興味深いことに、『熱風』2012年4月号はチェーホフを特集しています。また、チェーホフはジブリ美術館の企画展示「幽霊塔へようこそ展 通俗文化の王道」(2015年)にも登場します。宮崎駿は、通俗文化の流れのなかにいる人物として、チェーホフのシルエット姿を描いています。すぐ近くには、『ポニョ』創作の一つのきっかけとなった夏目漱石のシルエットも。宮崎駿は、漱石ばかりでなく、チェーホフもよく読んでいたのでしょう。したがって、チェホンテ/チェーホフのペンネーム問題も知っていたと考えられます。

 

いずれにしろ、「﨑」表記を使用できないまま、宮崎駿は引退しました。その結果、宮崎駿の長篇アニメーション映画においてペンネーム問題が生じることはありませんでした。

 

ところが、2016年秋に放送されたNHKのドキュメンタリー『終わらない人 宮﨑駿』(2017年DVD発売)で、引退を撤回。注目すべきは、このドキュメンタリーの題字が「﨑」表記になっていることです。ちなみにこの題字を書いたのは鈴木敏夫。

 

そして、引退撤回後はジブリの公式サイトでも、次第に「﨑」表記に統一されるようになります。『熱風』と公式サイトに毎月掲載される「野中くん発 ジブリだより」では、2021年3月頃から「﨑」表記に変わりました。また、2020年12月に開設された公式Twitterでは、2022年になってから「﨑」表記です。ただし、当初は表記に揺れが見られました。典型的なのは、2022年2月17日のtweetです。そこでは「﨑」と「崎」が混用されています。

 

『毛虫のボロ』(2018年)と『君たちはどう生きるか』(2023年)に「﨑」が現れるのは、この一連の流れのなかです。息子の宮崎吾朗監督が依然として「崎」表記のままであることも、宮「﨑」駿の異質さを際立たせています。宮崎吾朗監督『アーヤと魔女』の劇場公開を伝える「野中くん発 ジブリだより」(2021年3月10日)では、「企画:宮﨑駿、監督:宮崎吾朗」と記されています。

 

以上から、宮崎駿は引退撤回を機に、自筆ではこれまで多用してきた「﨑」を、美術館用短篇では試したことのある「﨑」を、長篇アニメーション映画監督作にクレジットすることを、みずから積極的に選び取ったのではないか、と推測することが可能になります。そしてそれは、どうやらスタジオジブリの総意のようです。

 

やはり自筆サインでは多用している「みやざきはやお」でも、美術館用短篇で一度試した「宮﨑はやお」でもなく、他でもない「宮﨑駿」であることは、「﨑」を使用することに制約がなくなったことが、今回の「改名」の一番大きな理由であることを窺わせます。
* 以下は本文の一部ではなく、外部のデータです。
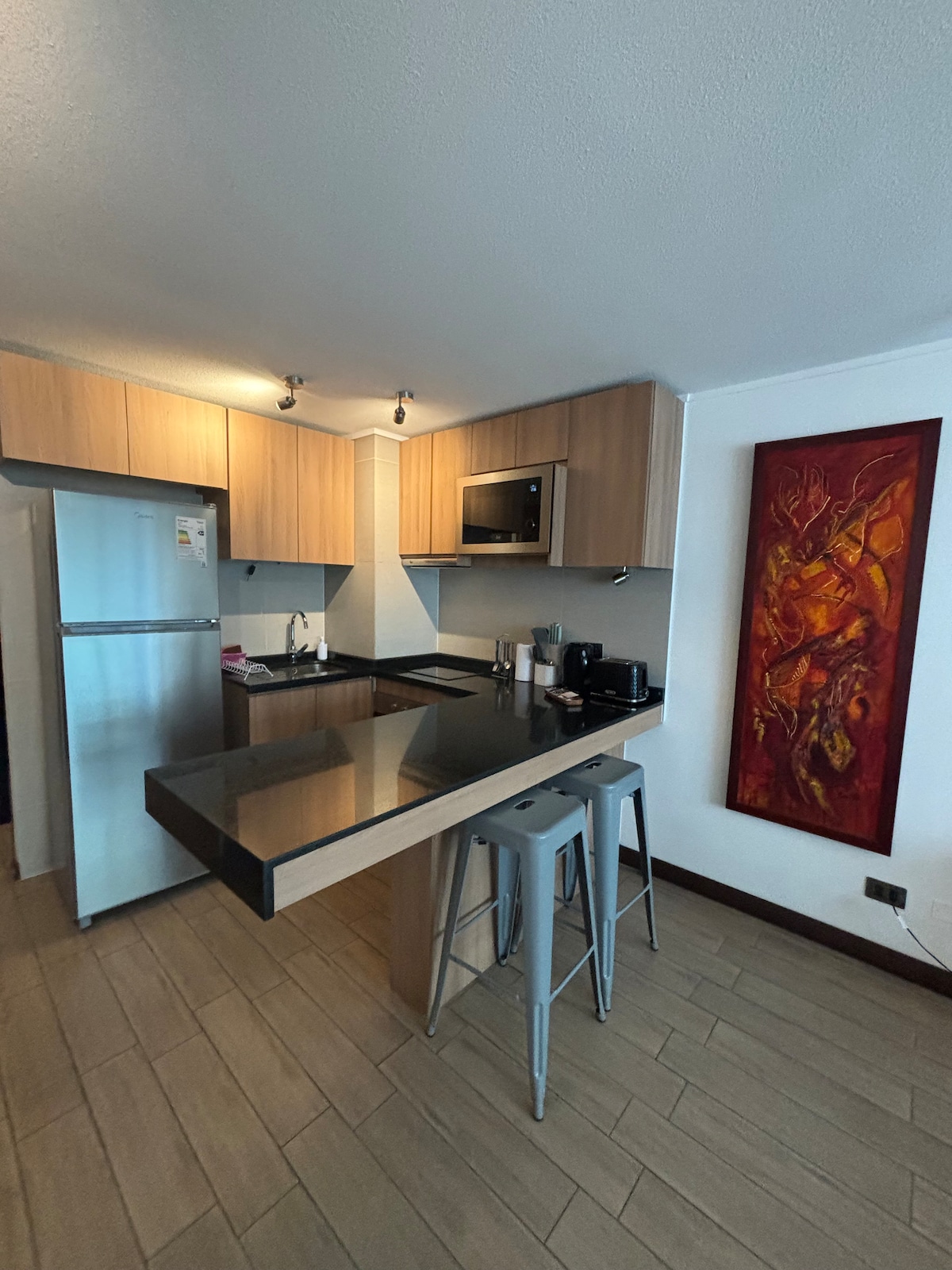 Studio apartman, miran u Comuna de las Condes, na korak od Clínica las Condes, mali restoran, supermarket, laboratorija, komercijalne prodavnice, u blizini tržnog centra Alto las Condes. Samo za 3 osobe, ima podzemni parking. Ima frižider, mikrotalasnu rernu, rernu, aparat za kafu, kuvalo za vodu, toster, toster, posuđe, veš koji se plaća, pametni TV od 43inča,mašinu za pranje/sušenje veša Bazen, klima-uređaj, opustite se u ovom mirnom i elegantnom prostoru.

リミッターが外れ、より自由になったと言えるでしょう。

 

一方で、本当に宮崎駿は進んで「﨑」を選び取ったのだろうかと、疑念を払拭しきれないのも事実です。NHKのドキュメンタリー『終わらない人 宮﨑駿』(2016年)が、『毛虫のボロ』(2018年)に先行しているのも引っかかります。こういう疑念が生まれてくるのは、宮崎駿自身の説明のないことが一番大きいですが、それ以外にも、その周辺に対するさまざまな不審が背景にあるからです。というわけで、「世間に対する違和感」について、回を改めて書くことにします。